The median age in the city was 35.5 years. 35.7% of residents were under the age of 18; 0.0% were between the ages of 18 and 24; 32.1% were from 25 to 44; 14.3% were from 45 to 64; and 17.9% were 65 years of age or older. The gender makeup of the city was 53.6% male and 46.4% female.

===2000 census===
As of the census of 2000, there were 25 people, 16 households, and 5 families residing in the city. The population density was 97.5 PD/sqmi. There were 44 housing units at an average density of 171.5 /sqmi. The racial makeup of the city was 84.00% White and 16.00% Native American.

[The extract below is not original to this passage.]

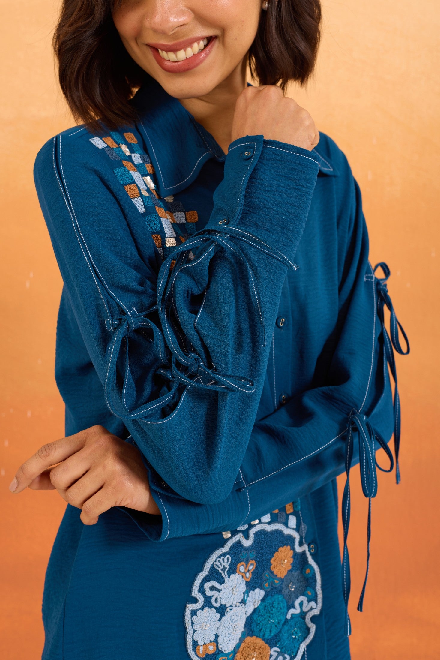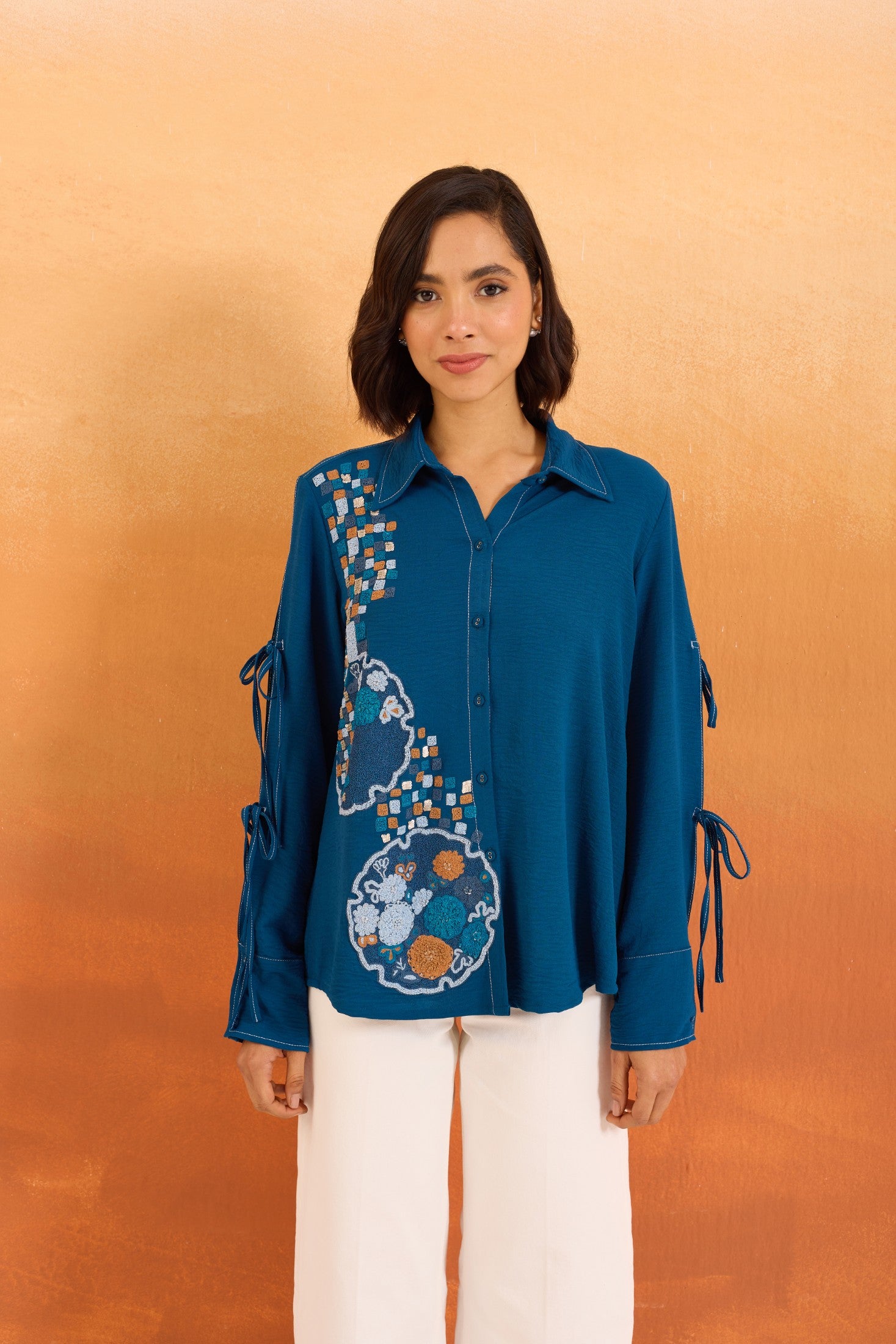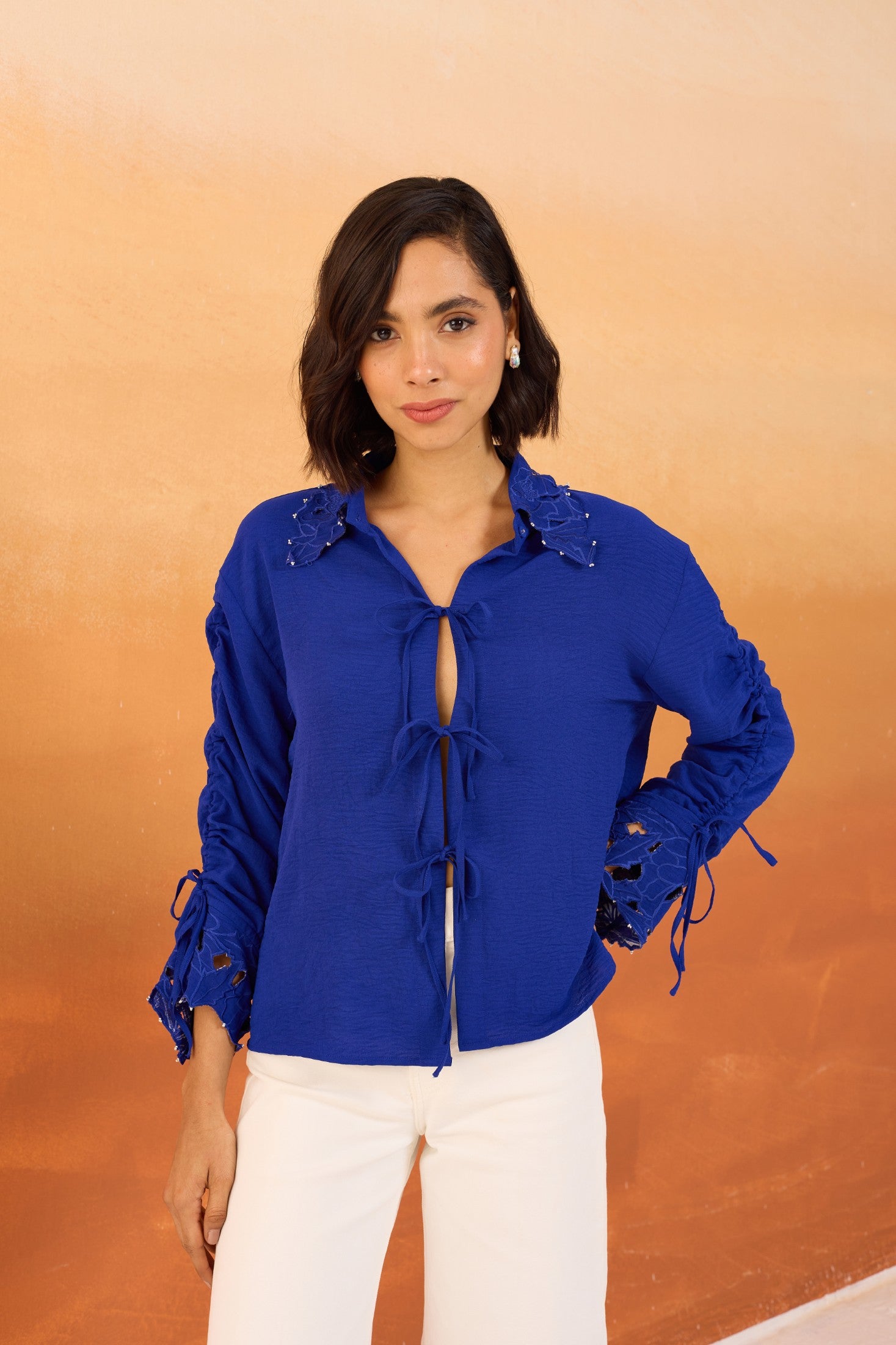 Navy Cutwork Shirt

There were 16 households, out of which 12.5% had children under the age of 18 living with them, 25.0% were married couples living together, 6.3% had a female householder with no husband present, and 68.8% were non-families. 68.8% of all households were made up of individuals, and 43.8% had someone living alone who was 65 years of age or older. The average household size was 1.56 and the average family size was 2.40.

In the city, the population was spread out, with 8.0% under the age of 18, 4.0% from 18 to 24, 24.0% from 25 to 44, 28.0% from 45 to 64, and 36.0% who were 65 years of age or older. The median age was 56 years. For every 100 females, there were 127.3 males. For every 100 females age 18 and over, there were 130.0 males.

The median income for a household in the city was $31,875, and the median income for a family was $36,875. Males had a median income of $31,250 versus $0 for females. The per capita income for the city was $21,479. There were no families and 8.3% of the population living below the poverty line, including no under eighteens and none of those over 64.